Only the pictures are to be dropped; return all other data below exactly.

## Data excerpt
· · · · · · ·

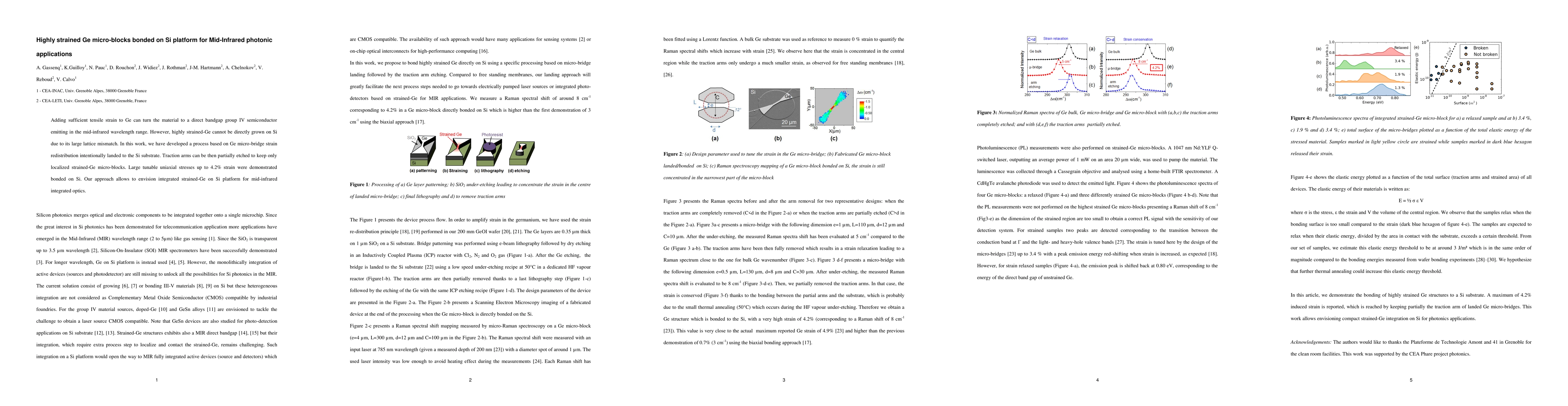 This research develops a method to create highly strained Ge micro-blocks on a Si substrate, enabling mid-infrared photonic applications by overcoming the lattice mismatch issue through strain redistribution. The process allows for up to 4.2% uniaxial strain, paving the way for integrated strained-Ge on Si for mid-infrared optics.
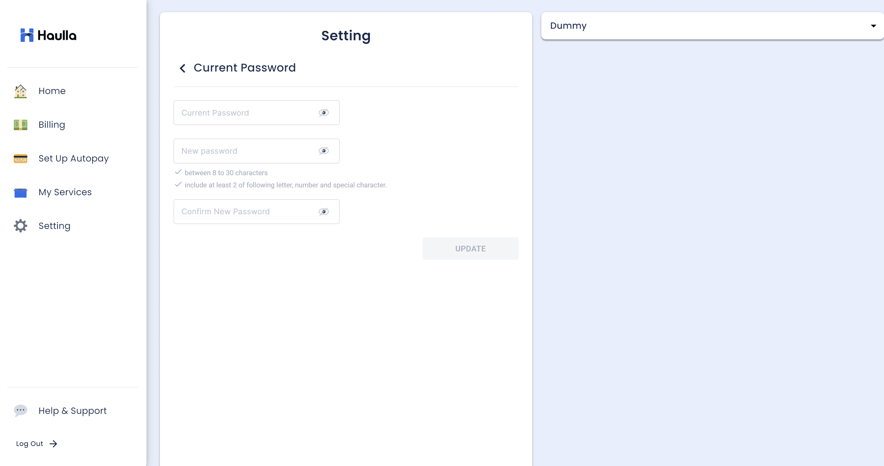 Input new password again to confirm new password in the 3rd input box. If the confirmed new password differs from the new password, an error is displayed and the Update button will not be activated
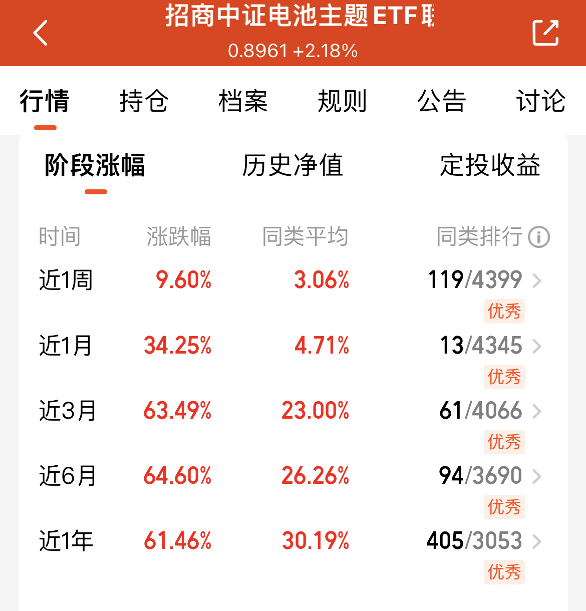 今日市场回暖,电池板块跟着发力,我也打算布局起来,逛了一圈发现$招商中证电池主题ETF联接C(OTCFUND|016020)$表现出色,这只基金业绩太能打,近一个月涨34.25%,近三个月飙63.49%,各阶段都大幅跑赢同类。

· · · · · · ·

## Problem solution
 This research develops a method to create highly strained Ge micro-blocks on a Si substrate, enabling mid-infrared photonic applications by overcoming the lattice mismatch issue through strain redistribution. The process allows for up to 4.2% uniaxial strain, paving the way for integrated strained-Ge on Si for mid-infrared optics.
 Input new password again to confirm new password in the 3rd input box. If the confirmed new password differs from the new password, an error is displayed and the Update button will not be activated
 今日市场回暖,电池板块跟着发力,我也打算布局起来,逛了一圈发现$招商中证电池主题ETF联接C(OTCFUND|016020)$表现出色,这只基金业绩太能打,近一个月涨34.25%,近三个月飙63.49%,各阶段都大幅跑赢同类。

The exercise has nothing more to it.